▶ _Dataset_
━━━━━━━━━━━━━━━━

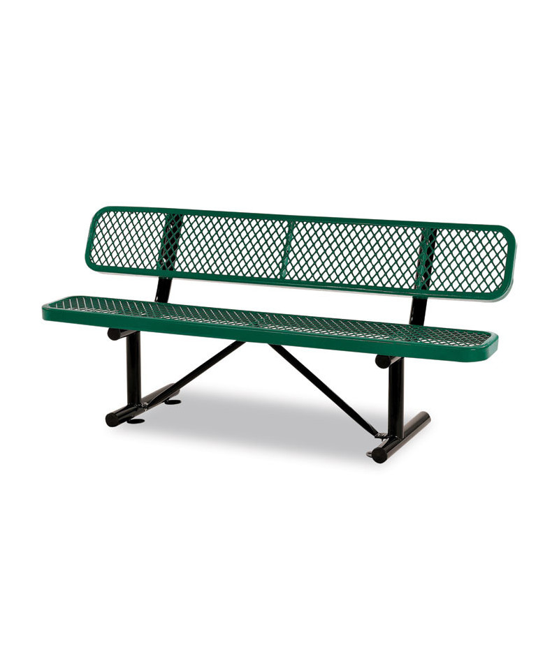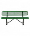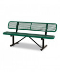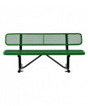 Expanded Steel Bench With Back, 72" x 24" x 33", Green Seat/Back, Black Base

━━━━━━━━━━━━━━━━

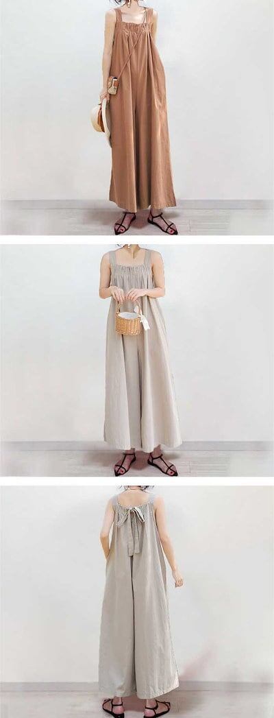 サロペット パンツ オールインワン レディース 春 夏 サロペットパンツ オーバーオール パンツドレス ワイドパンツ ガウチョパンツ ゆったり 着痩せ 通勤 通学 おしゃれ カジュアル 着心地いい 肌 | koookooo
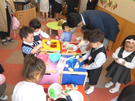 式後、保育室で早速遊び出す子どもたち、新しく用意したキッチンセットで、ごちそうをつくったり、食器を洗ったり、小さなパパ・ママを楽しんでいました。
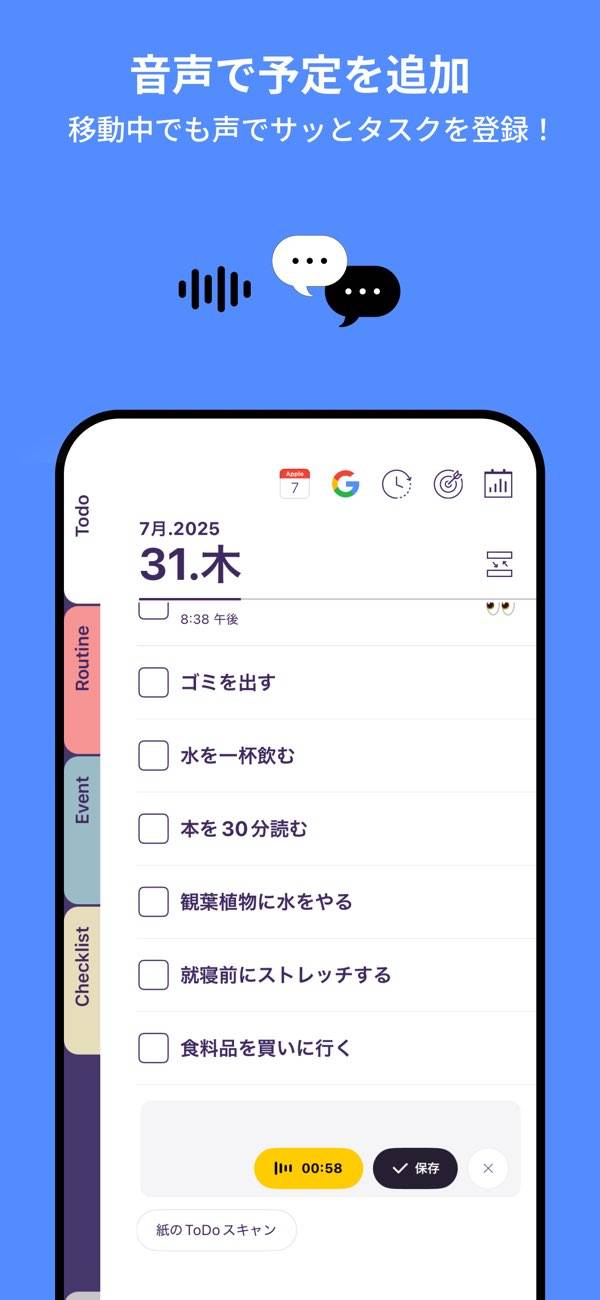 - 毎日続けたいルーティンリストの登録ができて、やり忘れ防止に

━━━━━━━━━━━━━━━━

▶ _Exercise requirements_
Only one stretch of the entries above is needed: the lines from the one containing "式後、保育室で早速遊び出す子" through the one containing "- 毎日続けたいルーティンリストの登録ができて、やり忘れ防止に". Copy it exactly, without the pictures.

▶ _Your response_
 式後、保育室で早速遊び出す子どもたち、新しく用意したキッチンセットで、ごちそうをつくったり、食器を洗ったり、小さなパパ・ママを楽しんでいました。
 - 毎日続けたいルーティンリストの登録ができて、やり忘れ防止に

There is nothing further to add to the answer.